The survey manager stated this about the survey and the participants. He said, “They clearly understand the promise of cloud storage for cost savings, off site backup, unlimited scale, simpler IT management, and on-demand provisioning, but they are also rightfully concerned about the security of their information and whether they have control over it at all times. Unfortunately, this will not deter users…too often willing to use consumer-oriented offerings without It’s permission.”
The survey clearly shows that IT solutions have to look at top grade enterprise storage solutions that will provide the strong benefits in the cloud in a way that will strongly address the issues of security that everyone must have.
As cloud computing continues to gain popularity, users and developers are continuously coming up with new and innovative ways of applying the technology. People knowledgeable in business have at all times been able to recognize and take advantage of chances that present a practical way of making profit. In fact, presently we have many businesses and persons installing virtual data centers on cloud hosting. They have recognized that cloud hosts offer a chance that can be used to establish a data center with few investments in hardware and also technical knowledge. Different from the usual data center system that would need a big financial investment, a cloud based virtual data center is tremendously cost efficient.
When installing a virtual data center with your cloud hosting service, you will require a much smaller team that you would for a modern data center. When starting, one technically skilled individual would be adequate for the job. With their guidance you will need to decide on a number of considerations, factors and resources for the virtual data center you are planning on developing.

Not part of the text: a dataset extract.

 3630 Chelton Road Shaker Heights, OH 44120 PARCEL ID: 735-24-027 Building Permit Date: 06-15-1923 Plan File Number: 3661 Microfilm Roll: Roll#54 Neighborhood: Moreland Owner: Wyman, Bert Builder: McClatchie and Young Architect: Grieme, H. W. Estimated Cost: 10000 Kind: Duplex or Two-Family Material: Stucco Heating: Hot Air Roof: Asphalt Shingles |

Choices of operating systems, specs, applications, architecture and other technical features of the data center will be discussed. These decisions will be made based on the intended purpose and long term plans for the virtual data center you are developing on your cloud hosting.

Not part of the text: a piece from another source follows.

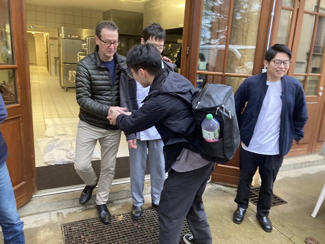 朝早い電車に乗る人はシャトーを7時前に出発!それ以降に出発の皆さんもお見送りに来てくれていました。先生方とも最後の挨拶をして車に乗り込みます。5か月間過ごしたシャトーでの生活にあまりにも慣れ過ぎて、ここを離れる、ということが実感できない、と言う研究生もいましたが、授業が大変だったりした中でも居心地のよいシャトー生活だったようです。

A lot of cloud hosting vendors have made user friendly platforms that let their customers install virtual servers in a very simple way. It does not require extensive technical experience though it would be advisable to engage a professional especially when developing a commercial data center. The cloud host setup wizard will guide you through the process though you must be able to select the capacities, services and applications required for running your servers. In most cases this is the simplest and most popular approach to make virtual data center with a cloud hosting service.
The other option would be to do your own configuration and installation that needs a high level of technical know-how. Being able to do this also needs access to several resources of the cloud host provider you are working with. In some cases, the provider may be unwilling to provide you with access to their resources due to security concerns. Cloud computing involves a difficult incorporation of hardware and software resources and working through this can be difficult.
The virtual data center you build on your cloud hosting service must deliver the basic capabilities of cloud computing. These comprise cost efficiency, flexibility, availability, scalability, automation and more. Having been built on a cloud hosting platform, your virtual data center should deliver the same capability as the platform on which it is based. For the most outstanding outcome, you ought to work with a cloud hosting service provider who has been engaged in installing virtual data centers. Their experience will prove to be very useful since it will assist you to avoid the common difficulties others face as they start similar projects.